On Wed, Mar 26, 2025 at 12:06:11AM +0000, Tingmao Wang wrote:
> On 3/11/25 19:28, Mickaël Salaün wrote:
> > On Mon, Mar 10, 2025 at 12:41:28AM +0000, Tingmao Wang wrote:
> > > On 3/5/25 16:09, Mickaël Salaün wrote:
> > > > On Tue, Mar 04, 2025 at 01:13:00AM +0000, Tingmao Wang wrote:
> > > > > We allow the user to pass in an additional flag to landlock_create_ruleset
> > > > > which will make the ruleset operate in "supervise" mode, with a supervisor
> > > > > attached.
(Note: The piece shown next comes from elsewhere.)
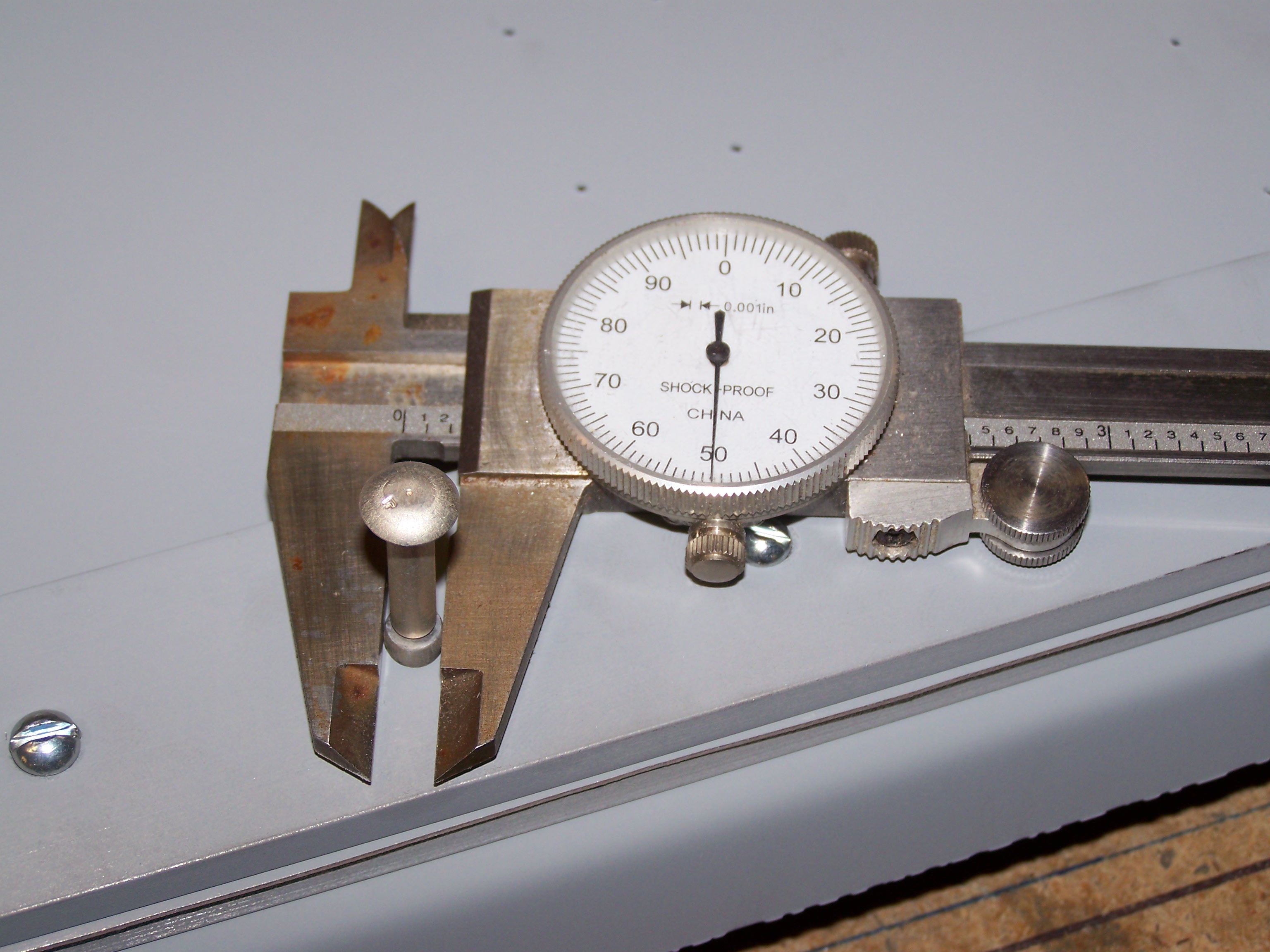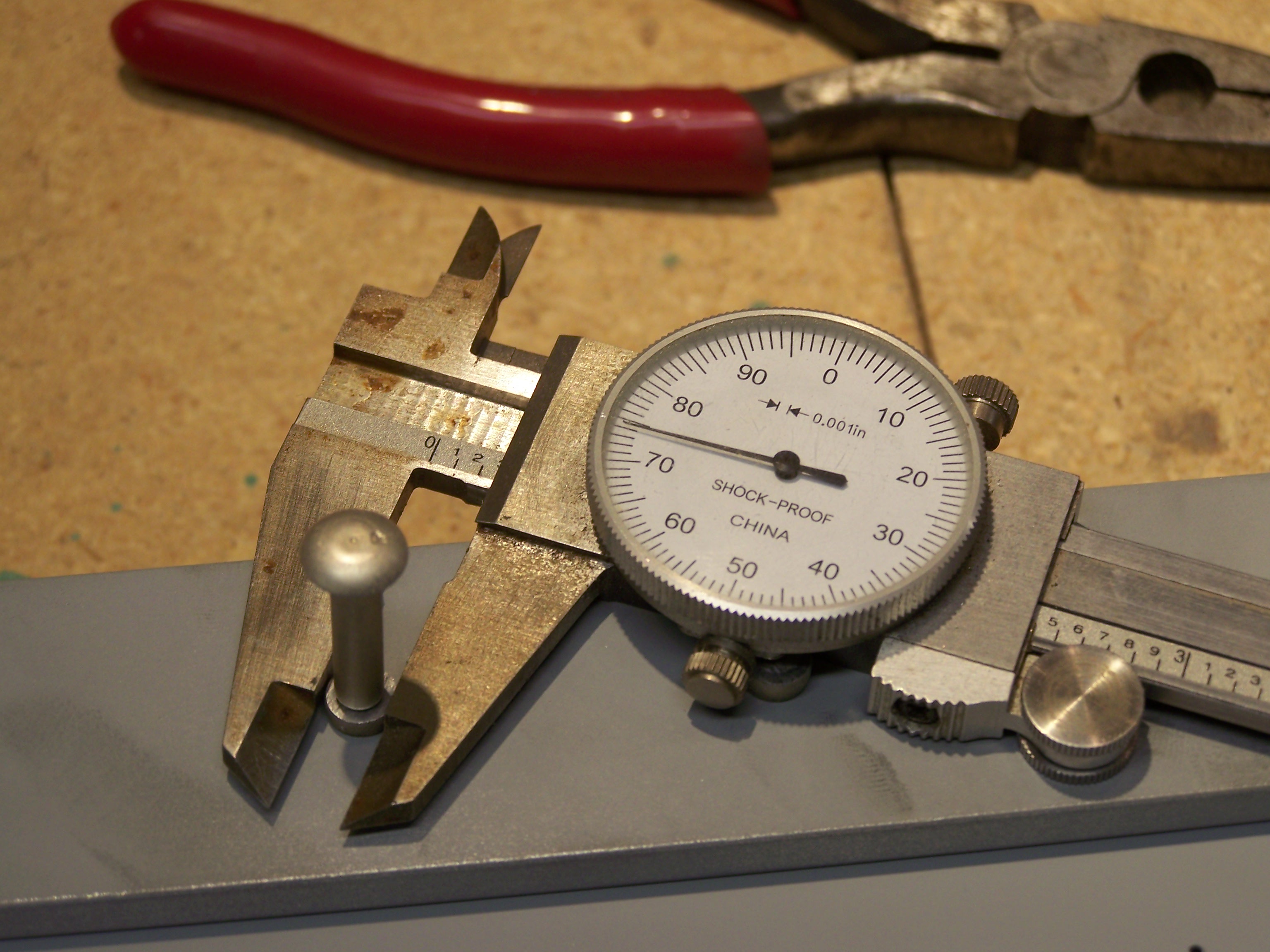 Picture's worth a thousand words. Here's a few thousand words. Most come to about .262. A few are up to .274 as seen and a picture of one of the bad ones .249, plus a side shot of the rivets for inspection of the heads. I placed a rivet on top in the pix to see the shank of the original rivet (.187). The holes have been reamed to .1895.

We create additional space in the landlock_ruleset_attr
> > > > > structure to pass the newly created supervisor fd back to user-space.
> > > > > 
> > > > > The intention, while not implemented yet, is that the user-space will read
> > > > > events from this fd and write responses back to it.
> > > > > 
> > > > > Note: need to investigate if fd clone on fork() is handled correctly, but
> > > > > should be fine if it shares the struct file. We might also want to let the
> > > > > user customize the flags on this fd, so that they can request no
> > > > > O_CLOEXEC.
> > > > > 
> > > > > NOTE: despite this patch having a new uapi, I'm still very open to e.g.
> > > > > re-using fanotify stuff instead (if that makes sense in the end). This is
> > > > > just a PoC.
> > > > 
> > > > The main security risk of this feature is for this FD to leak and be
> > > > used by a sandboxed process to bypass all its restrictions.  This should
> > > > be highlighted in the UAPI documentation.
> 
> In particular, if for some reason the supervisor does a fork without exec,
> it must close this fd in the "about-to-be-untrusted" child.

Yes...

> 
> (I wonder if it would be worth enforcing that the child calling
> landlock_restrict_self must not have any open supervisor fd that can
> supervise its own domain (returning an error if it does), but that can be
> difficult to implement so nevermind)

That would mean that a call can fail according to the caller's context
(e.g. FDs), which is not good for reproducibility (i.e. not idempotent).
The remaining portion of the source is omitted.